RECYCLING PROVIDES ECONOMIC BENEFITS
By converting waste into valuable products, recycling creates jobs, contributes feedstock to manufacturing, and adds significant value to the entire U.S. economy.
RECYCLING IS GOOD BUSINESS
Most people know that recycling plays an important role in managing the garbage generated in homes and businesses, and that it reduces the need for landfills and incinerators. However, recycling is far more than a local waste management strategy; it is also an important strategy for reducing the environmental impacts of industrial production. Supplying industry with recycled materials, rather tha virgin resources extracted from forests and mines, is environmentally preferable because it saves energy, reduces emissions of greenhouse gases, and other dangerous air and water pollutants, and because it conserves scarce natural resources. Recycling is a growth industry with many kinds of business opportunities, from collection and processing to manufacturing to inventing new technologies.
Why It Is Important
As stewards of the environment, we are responsible for preserving and protecting our resources for ourselves and for future generations.

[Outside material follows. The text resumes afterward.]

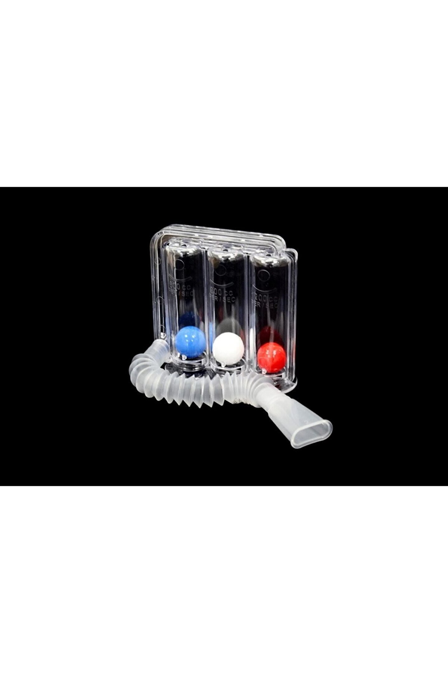 Solunum Egzersiz Cihazı (Triflo) İlmeks 180101Solunum egzersiz cihazları solunum yollarındaki kasları güçlendirmek, daha rahat nefes alıp vermeyi sağlamak, akciğer kapasitesini arttırmak amacıyla kullanılan ürünlerdir; Marka ve modele göre farklılıklar göstermesine rağmen genel olarak cihazların çalışma prensibi benzerdir; Hasta nefes alır, ağızlık yardımıyla nefesini cihaza doğru üfler; Cihaz içinde bulunan toplar, bilyeler ve benzeri maddelerin oluşturduğu direnç sayesinde kişi solunum egzersizi yapar; Plasti; Med 180101 içerisinde mavi, beyaz ve kırmızı olmak üzere 3 adet top bulunan bir solunum egzersiz cihazıdır; Türkiye menşeilidir; Ağızlığın bulunduğu hortum ve topların bulunduğu plastik kısım olmak üzere iki parçadan oluşmaktadır; Hortum topların bulunduğu kısma takılır, nefes ağızlık yardımıyla cihaza doğru üflenir; Plastik kısımda bulunan renkli toplar aynı zamanda nefes seviyesini belirtir; Düşük seviyeli egzersizlerde 600 mililitreye karşılık gelen mavi top nefesle yukarı doğru kaldırılır; Yüksek seviyeli egzersizlerde mavi topla beraber 900 mililitreye karşılık gelen beyaz top da yukarı kaldırılır; Maksimum seviyedeki nefes egzersizleri için ise mavi ve beyaz topla birlikte 1200 mililitreye karşılık gelen kırmızı top yukarı kaldırılır; Tek bir hasta için kullanılmalıdır; Ağırlığı 149 gram, boyu 14,3 santimetredir; ;;

Recycling is really just common sense, and until the modern era, it was a common household activity. Before the 1920s, 70% of U.S. cities ran programs to recycle certain materials. During World War II, industry recycled and reused about 25% of the waste stream. Because of concern for the environment, recycling is again on the upswing. The nation's composting and recycling rate rose from 7.7% of the waste stream in 1960 to 17% in 1990. It is currently up to around 30%.

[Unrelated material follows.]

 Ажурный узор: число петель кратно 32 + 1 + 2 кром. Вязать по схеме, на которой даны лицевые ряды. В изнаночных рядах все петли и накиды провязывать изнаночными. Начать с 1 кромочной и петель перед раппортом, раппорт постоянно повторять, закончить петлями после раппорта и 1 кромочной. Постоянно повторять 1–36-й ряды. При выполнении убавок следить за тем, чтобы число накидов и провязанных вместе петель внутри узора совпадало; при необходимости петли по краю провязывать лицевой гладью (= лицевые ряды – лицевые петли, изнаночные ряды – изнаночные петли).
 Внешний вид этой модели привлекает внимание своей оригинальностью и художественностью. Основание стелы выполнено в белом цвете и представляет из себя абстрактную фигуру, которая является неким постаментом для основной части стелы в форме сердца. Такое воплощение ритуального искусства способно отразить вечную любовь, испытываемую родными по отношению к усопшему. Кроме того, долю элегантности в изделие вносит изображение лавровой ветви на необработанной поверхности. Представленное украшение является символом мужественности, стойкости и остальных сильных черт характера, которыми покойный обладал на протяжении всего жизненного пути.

The world has changed a lot in the past century. From individually packaged food servings to disposable diapers, more garbage is generated now than ever before. The average American discards seven and a half pounds of garbage every day. This garbage, the solid waste stream, goes mostly to landfills, where it is compacted and buried. As the waste stream continues to grow, so will the pressures of our landfills, our resources, and our environment.
The more we recycle, the less garbage winds up in our landfills and incineration plants. By reusing aluminum, paper, glass, plastics, and other materials, we can save production and energy costs, and reduce the negative impacts that the extraction and processing of virgin materials has on the environment.